Just shared a resource that I found helpful, so wanted to also include a link to it here, so I can find it myself (should I look at the resources again):
https://thesurvivorstrust.org/members-operating-nationally/
It's a link to The Survivor's Trust - and gives some helpful links to different support groups.  I hope to have a further look in the coming days.  I came across that link when reading a somewhat disturbing newspaper article about a case that is going to court in France at the moment.  I was glad to have access to the resources and know that there are support groups available.

Hope  :)

Hope67

7th September 2024
I wanted to write about this subject for a while, but was triggered about it this morning, as I was on an app called Duolingo, and doing some French language lessons on that app.  I am in the section that is called 'Use past participles' but I can see that the next section is called 'Describe your childhood' - this reminds me of the awkwardness of being in a language class (I remember back to when I was doing my O'level French - and needed to do an oral exam where I had to talk about my family) - I remember the anger I felt at the time about what sanitised version of my family I could give in that exam.  I've experienced it again when I attended a language class as an adult, it was similarly awkward when talking about family things. 

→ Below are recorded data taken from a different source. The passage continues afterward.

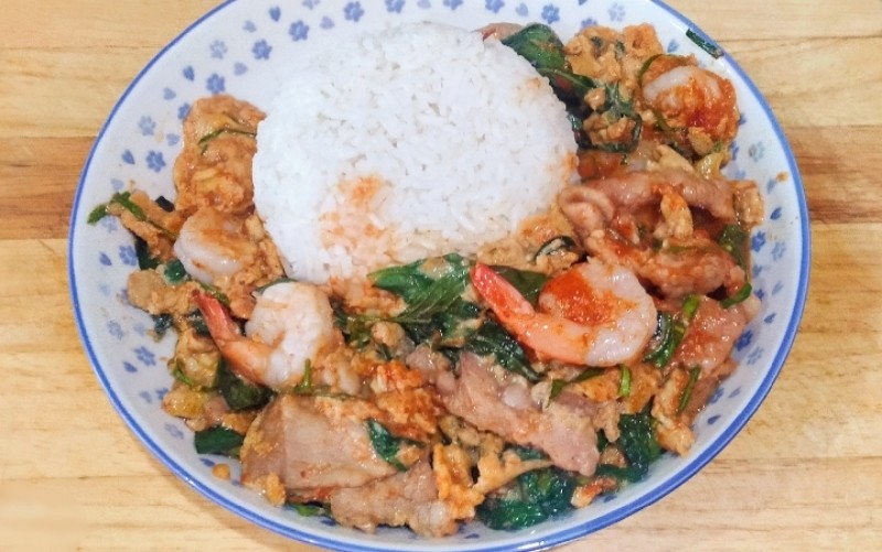 ห่อหมกหมูกุ้งราดข้าวค่ะ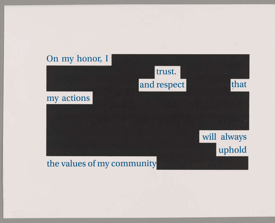 Inscription: on verso in bottom left: 1/3, bottom center: in pencil "Oath of Honor", bottom right: (Kamari Carter signature)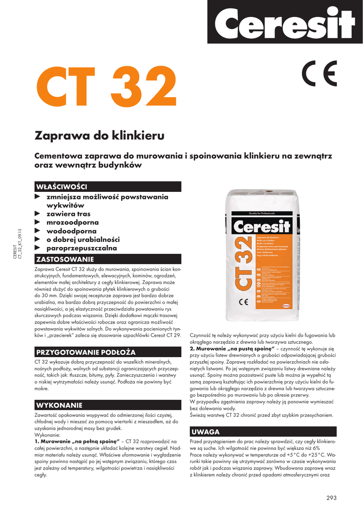 CT 32 Zaprawa do klinkieru CERESIT CT_32_KT_09.15 Cementowa zaprawa do murowania i spoinowania klinkieru na zewnątrz oraz wewnątrz budynków WŁAŚCIWOŚCI zmniejsza możliwość powstawania wykwitów zawiera tras mrozoodporna wodoodporna o dobrej urabialności paroprzepuszczalna ZASTOSOWANIE Zaprawa Ceresit CT 32 służy do murowania, spoinowania ścian konstrukcyjnych, fundamentowych, elewacyjnych, kominów, ogrodzeń, elementów małej architektury z cegły klinkierowej. Zaprawa może również służyć do spoinowania płytek klinkierowych o grubości do 30 mm. Dzięki swojej recepturze zaprawa jest bardzo dobrze urabialna, ma bardzo dobrą przyczepność do powierzchni o małej nasiąkliwości, a jej elastyczność przeciwdziała powstawaniu rys skurczowych podczas wiązania. Dzięki dodatkowi mączki trasowej zapewnia dobre właściwości robocze oraz ogranicza możliwość powstawania wykwitów solnych. Do wykonywania pocienionych tynków i „przecierek” zaleca się stosowanie szpachlówki Ceresit CT 29. PRZYGOTOWANIE PODŁOŻA CT 32 wykazuje dobrą przyczepność do wszelkich mineralnych, nośnych podłoży, wolnych od substancji ograniczających przyczepność, takich jak: tłuszcze, bitumy, pyły. Zanieczyszczenia i warstwy o niskiej wytrzymałości należy usunąć. Podłoża nie powinny być mokre. WYKONANIE Zawartość opakowania wsypywać do odmierzonej ilości czystej, chłodnej wody i mieszać za pomocą wiertarki z mieszadłem, aż do uzyskania jednorodnej masy bez grudek. Wykonanie: 1. Murowanie „na pełną spoinę” – CT 32 rozprowadzić na całej powierzchni, a następnie układać kolejne warstwy cegieł. Nadmiar materiału należy usunąć. Właściwe uformowanie i wygładzenie spoiny powinno nastąpić po jej wstępnym związaniu, którego czas jest zależny od temperatury, wilgotności powietrza i nasiąkliwości cegły. Czynność tę należy wykonywać przy użyciu kielni do fugowania lub okrągłego narzędzia z drewna lub tworzywa sztucznego. 2. Murowanie „na pustą spoinę” – czynność tę wykonuje się przy użyciu listew drewnianych o grubości odpowiadającej grubości przyszłej spoiny. Zaprawę rozkładać na powierzchniach nie osłoniętych listwami. Po jej wstępnym związaniu listwy drewniane należy usunąć. Spoiny można pozostawić puste lub można je wypełnić tą samą zaprawą kształtując ich powierzchnię przy użyciu kielni do fugowania lub okrągłego narzędzia z drewna lub tworzywa sztucznego bezpośrednio po murowaniu lub po okresie przerwy. W przypadku zgęstnienia zaprawy należy ją ponownie wymieszać bez dolewania wody. Świeżą warstwę CT 32 chronić przed zbyt szybkim przesychaniem. UWAGA Przed przystąpieniem do prac należy sprawdzić, czy cegły klinkierowe są suche. Ich wilgotność nie powinna być większa niż 6% Prace należy wykonywać w temperaturze od +5°C do +25°C. Warunki takie powinny się utrzymywać zarówno w czasie wykonywania robót jak i podczas wiązania zaprawy. Wbudowana zaprawę wraz z klinkierem należy chronić przed opadami atmosferycznymi oraz 293 nadmiernym nasłonecznieniem przez okres minimum 7 dni. Do tego celu należy użyć folii lub mat zabezpieczających. Jeżeli w ciągu najbliższych dni są przewidywane opady atmosferyczne bądź spadki temperatury poniżej +5°C należy zaniechać wykonywania prac murarskich. Należy zwrócić szczególną uwagę podczas zarabiania zaprawy, aby ilość dozowanej wody była zgodna z instrukcja stosowania. Murowanie zaprawy można wykonać w dwojaki sposób – metoda tradycyjna na tzw. pełną spoinę lub podczas murowania używać wcześniej przygotowanych listewek, które pozwalają na uzyskanie równych (wklęsłych) spoin jak również zachowania poziomu i równości poszczególnych warstw. W przypadku spoinowania muru konsystencja zaprawy powinna być półsucha tak, aby uniknąć pobrudzenia cegły. W przypadku zabrudzeń cegłę należy wyczyścić natychmiast przy użyciu zimnej wody. W celu uniknięcia różnicy w odcieniach, należy stosować CT 32 o tym samym numerze szarży produkcyjnej umieszczonym na każdym opakowaniu. CT 32 zawiera cement i zmieszana z wodą ma odczyn alkaliczny. W związku z tym należy chronić skórę i oczy. W przypadku kontaktu materiału z oczami płukać je obficie wodą i zasięgnąć porady lekarza. Zawartość chromu VI – poniżej 2 ppm w okresie ważności wyrobu. Posiada również aprobatę techniczną Instytutu Techniki Budowlanej AT-15-7027/2011 + Aneks nr 1 w systemie Ceresit Ceretherm Ceramic oraz Certyfikat Zakładowej Kontroli Produkcji Nr ITB – 0137/Z z dnia 10.02.2012. Wszelkie porady techniczne można uzyskać pod numerami telefonów: +48 800 120 241 +48 41 3710124. Poza informacjami podanymi w niniejszej karcie technicznej należy przestrzegać zasad sztuki budowlanej, wytycznych branżowych instytutów i stowarzyszeń, przedmiotowych norm krajowych i europejskich, dokumentów aprobacyjnych, przepisów BHP, itp. Wymienione powyżej cechy i właściwości techniczne określone zostały w oparciu o praktyczne doświadczenia oraz przeprowadzone badania. Wszelkie właściwości oraz zastosowania materiałów wykraczające poza zakres podany w niniejszej karcie technicznej wymagają naszego pisemnego potwierdzenia. Wszelkie dane odnoszą się do temperatury podłoża, otoczenia i materiału +23°C oraz wilgotności względnej powietrza 50%, o ile nie podano inaczej. W innych warunkach klimatycznych podane parametry mogą ulec zmianie. Informacje zawarte w niniejszej karcie technicznej, w szczególności zalecenia dotyczące sposobu i warunków aplikacji oraz zakresu zastosowania i użytkowania naszych produktów, zostały opracowane na podstawie naszego doświadczenia zawodowego. Niniejsza karta techniczna określa zakres stosowania materiału i zalecany sposób prowadzenia robót, ale nie może zastąpić zawodowego przygotowania wykonawcy. Producent gwarantuje jakość wyrobu, nat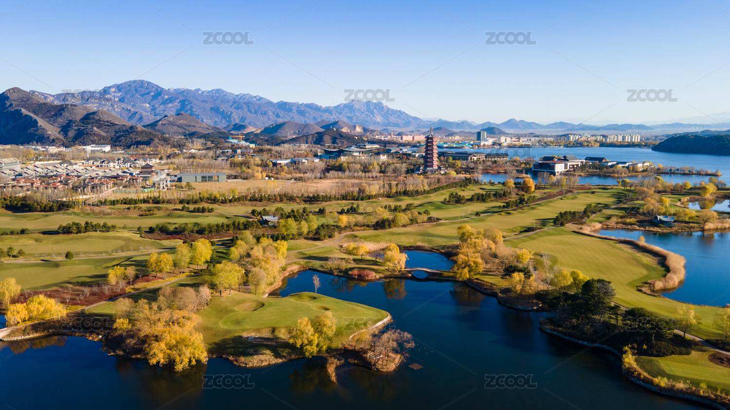 航拍秋天的中国北京雁栖湖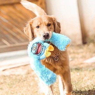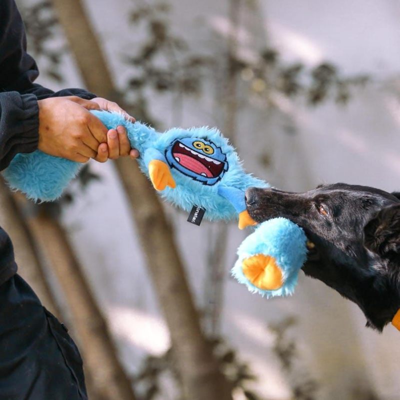 Мягкая игрушка с пищащим мячом из термопластичной резины внутри для чистки зубов и массажа десен.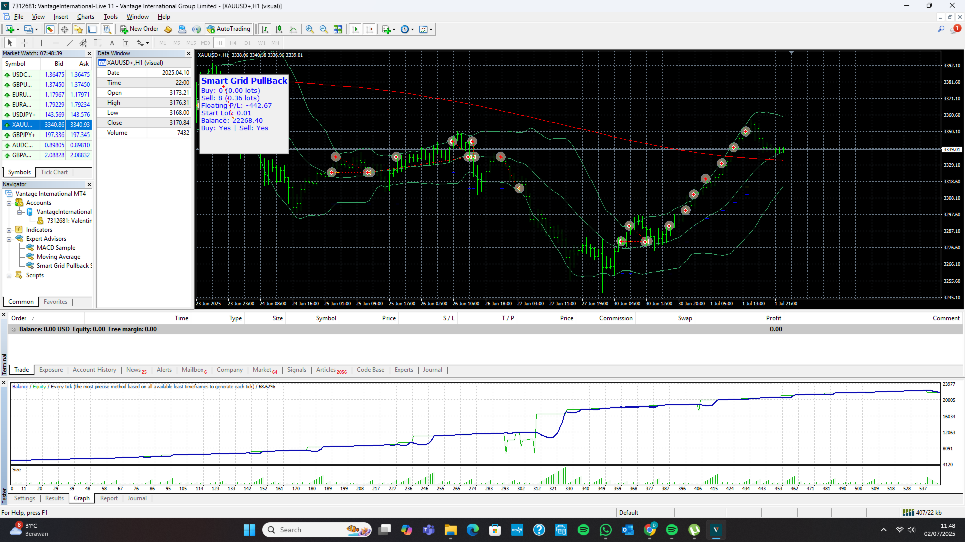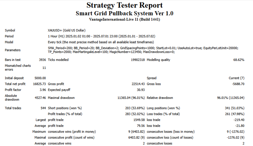 Smart Grid Pullback System is a fully automated Expert Advisor designed to capitalize on market retracements using a powerful grid and martingale strategy. It opens positions based on pullback patterns and trend direction, with automatic position management, dynamic lot sizing, and drawdown control.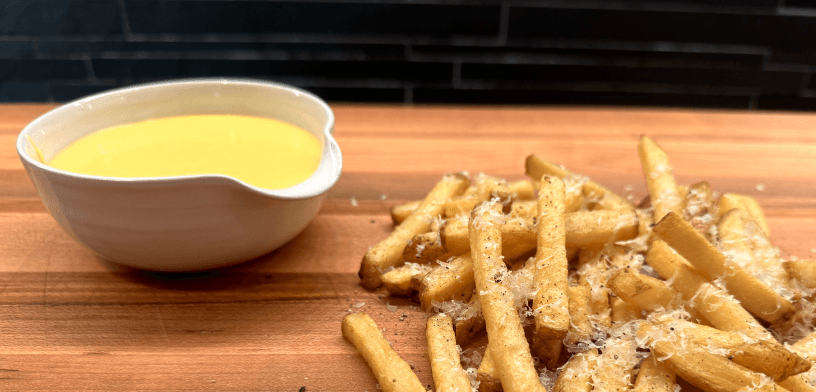 This cheddar dip employs a blend of culinary science and straightforward cooking, utilizing sodium citrate for a silky-smooth...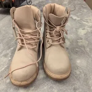 Step out in style with these beige Timberland boots. Perfect for any casual outing, these boots offer both comfort and durability.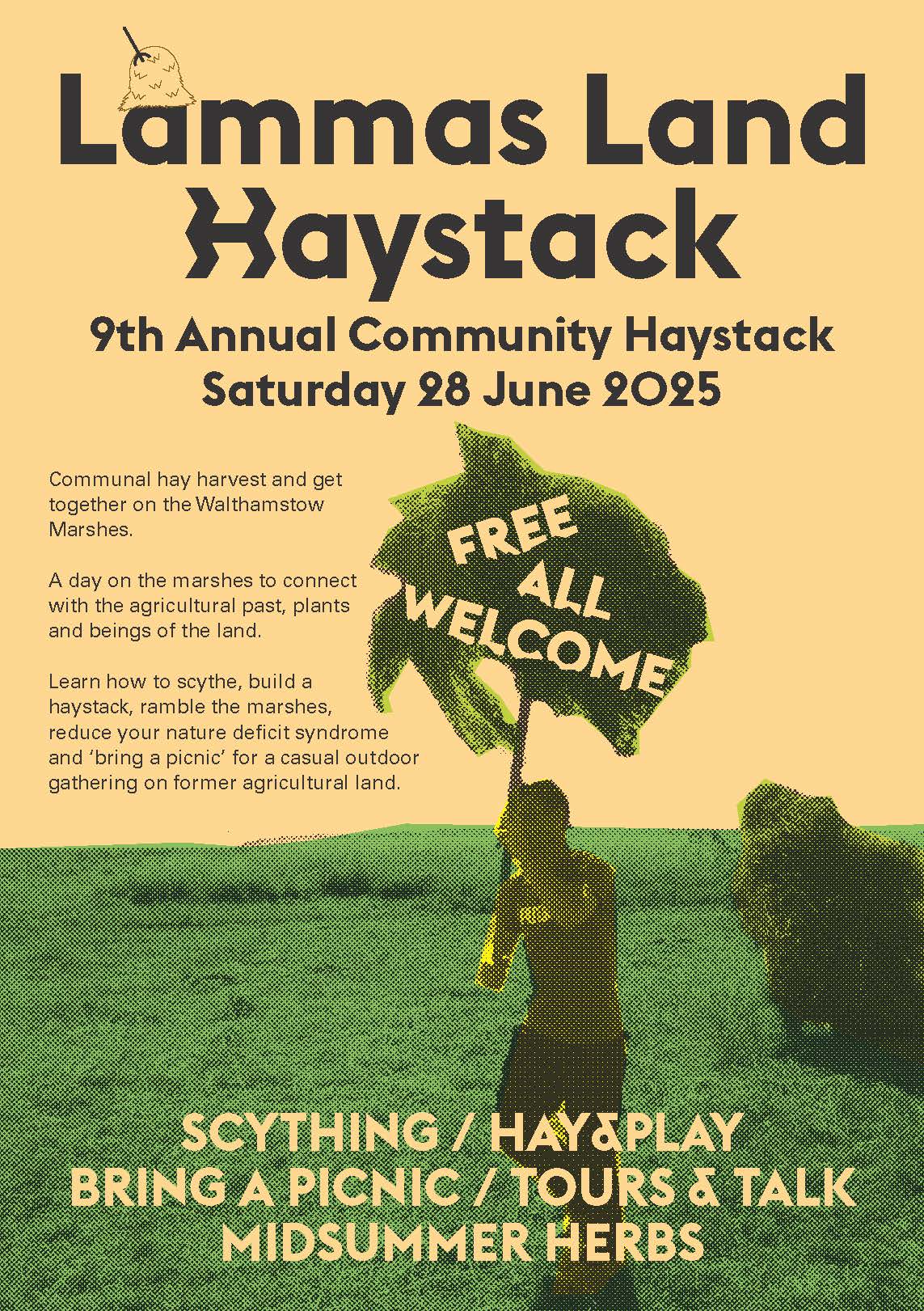 In 2025 we are meeting again on Saturday 28th June on the Walthamstow Marshes in east London to be close to the land, honour Lammas and common land, learn how to scythe, find and meet medicinal plants, make hay and a haystack, and generally celebrate late June on this public land, which holds many layers and histories beyond the current public park use.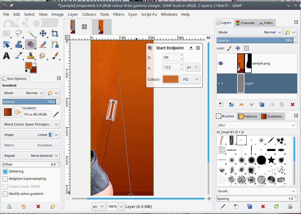 I have an image that I want to extend to the right. Most of the right border is a vaguely orange-red color, lighter near the top of the image, darker near the bottom.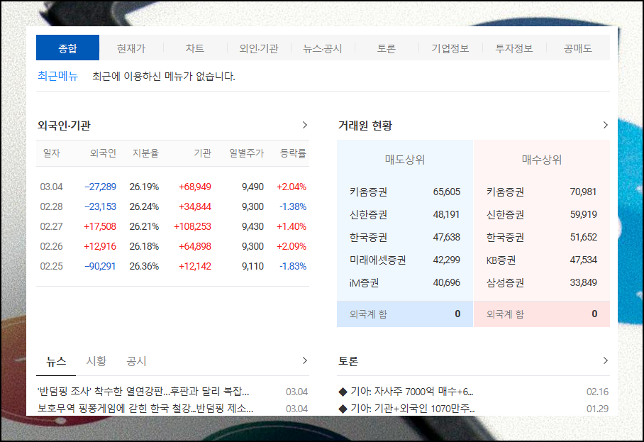 "주가 정보 자세히" 버튼을 누르면 우리가 선택한 개별 종목에 대한 시세, 현재가, 차트, 매매 동향, 뉴스와 공시 등 모든 정보를 한 곳에서 볼 수 있습니다.

I had decided that the Duolingo app was a safe way to experience advancing my language skills, but knowing that the 'describe your family' session is coming up (when I get through the past participle section) - it is triggering and annoying me! 

I just wanted to get that out here - as writing about it (it's helpful!).

I wanted to put this in a more public part of this forum, but couldn't decide what section it fitted in, so I decided just to write it here - but I think language classes are challenging for people who have traumas relating to their families. 

BUT, if I was brave enough to attend another language class in the future, I think I might try to be more honest about my family experiences and so maybe it's something to consider for the future.  (Although writing that, I think that I might avoid it and not put myself through it.  I don't know).

I have been doing more reading and I hope to summarise some of the things I've read, as I have found them to be really positive.  I am so far enjoying this weekend, despite the thoughts about the triggering aspects of the language app. 

I have some nice plans for today with my partner, and I'm looking forward to them.  A nice brunch to look forward to. 

Hope  :)

Chart

My experience with learning French was very much impacted by my trauma. I know this isn't exactly what you're referring to, but maybe it's similar. Language is "opening" and sharing and reaching out. But so much of trauma is a big block to those sorts of things. So try not to stress too much for the upcoming session in Duolingo. You could treat it like a math problem and just answer the questions. Or better yet, make up an imaginary family having nothing to do with your own! A family of otters or dolphins :)
Anyway it's great that you're working on your French!

dollyvee

Hi Hope,

I hope you're able to find a way to express what you want to say about your family in French. I think it's a struggle that a lot of us deal with: the need to "sanitize" our families and then we're never really seen. It's like having to cover up for them and take responsibility again when it's not ours to take. I was open with a colleague about my family the other day and their behaviour after my m passed away, and there was a look of disbelief on their face. When you say your sf wanted to cut you out of the estate because it was you, you can't help but to think you're sowing a little doubt in their minds about you. So, sometimes I also feel it's good not to share. I hope you're able to find someone to witness what you want to say about your family.

Disfrutes tu fin de semana con tu esposo (from my duolingo),
dolly

Hope67

Hi Chart & Dolly,
Thank you both for your responses - I appreciate what you said.  (Dolly - I am also learning Spanish, so was glad I could understand what you wrote), and I am enjoying the weekend so far with my partner. It is a good weekend so far.  Chart - I think a family of otters or dolphins sounds lovely!  What a good idea. 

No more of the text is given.